Apeksha, can you please remove the testblocker flag from this bugzilla? Also this does not looks like an issue caused by cns, rather looks to be an issue with your setup. Can you make sure your setup is good and running before trying cns-deploy ?
Humble, I had tried this on a fresh setup and as mentioned in the steps to reproduce, before running cns_deploy the nodes were in Ready state. Anyways i am trying it again on the latest build and will update the bug accordingly.

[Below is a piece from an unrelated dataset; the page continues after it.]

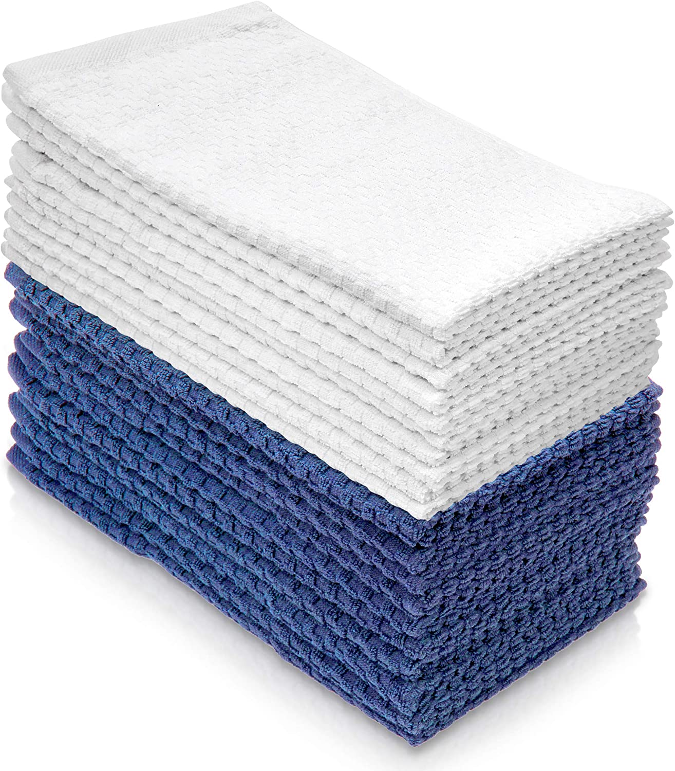 Simpli-Magic Kitchen Dish Towels, European Popcorn Design, 10 Pack, Size: 16"" x 27""", White / Blue (79332)

Hit this issue again on latest builld cns-deploy-4.0.0-9.el7rhgs.x86_64 Before running cns_deploy nodes were in READY state [root@dhcp47-105 ~]# oc get pods NAME READY STATUS RESTARTS AGE aplo-router-1-zh1bz 1/1 Running 0 3h [root@dhcp47-105 ~]# oc get nodes NAME STATUS AGE dhcp46-3.lab.eng.blr.redhat.com Ready,SchedulingDisabled 3h dhcp46-67.lab.eng.blr.redhat.com Ready 3h dhcp47-17.lab.eng.blr.redhat.com Ready 3h dhcp47-185.lab.eng.blr.redhat.com Ready 3h I have kept the setup in same state for debugging
I see the setup. All the service are running as expected. I am not sure what happened at the initial state. I restarted all the atomic-openshift-node service and the state became ready. Just to be sure cleaned up all the gluster stuff and did a gluster create on the cluster. Now everything looks good. [root@dhcp47-105 ~]# oc get pods -w NAME READY STATUS RESTARTS AGE aplo-router-1-fnq00 1/1 Running 0 14m glusterfs-b2sz0 0/1 Running 0 <invalid> glusterfs-b6hcc 0/1 Running 0 <invalid> glusterfs-w1c8v 0/1 Running 0 <invalid> NAME READY STATUS RESTARTS AGE glusterfs-b2sz0 1/1 Running 0 51s glusterfs-w1c8v 1/1 Running 0 51s glusterfs-b6hcc 1/1 Running 0 51s ^C[root@dhcp47-105 ~]oc get nodes NAME STATUS AGE dhcp46-3.lab.eng.blr.redhat.com Ready,SchedulingDisabled 5h dhcp46-67.lab.eng.blr.redhat.com Ready 5h dhcp47-17.lab.eng.blr.redhat.com Ready 5h dhcp47-185.lab.eng.blr.redhat.com Ready 5h
As per inputs given by ashiq, created an OCP bug for the same - https://bugzilla.redhat.com/show_bug.cgi?id=1436536
Talur, I do have a seperate partition in vmware setup: [root@dhcp47-105 ~]# df -h Filesystem Size Used Avail Use% Mounted on /dev/mapper/rhel_dhcp47--183-root 50G 2.1G 48G 5% / devtmpfs 24G 0 24G 0% /dev tmpfs 24G 0 24G 0% /dev/shm tmpfs 24G 17M 24G 1% /run tmpfs 24G 0 24G 0% /sys/fs/cgroup /dev/sdb1 40G 343M 40G 1% /var /dev/sda1 1014M 211M 804M 21% /boot /dev/mapper/rhel_dhcp47--183-home 50G 33M 50G 1% /home tmpfs 4.8G 0 4.8G 0% /run/user/0
We have now confirmed that the issue is consequence of how the VMs were hosted on the hypervisor. The hypervisor was set to a date +0530 ahead of world time. When the nodes started, they did start with wrong time but were corrected by chronyd. When the gluster container started it started systemd in privileged mode which read the hardware clock and reset the system clock and changed many things on the node(for example, nodes rejected certs from master). Hence the NotReady state. We have fixed both the hypervisors now and it seems to be fine. Closing this bug as a configuration issue where the hardware clock on the hypervisor hosting the OpenShift nodes did not have proper time set.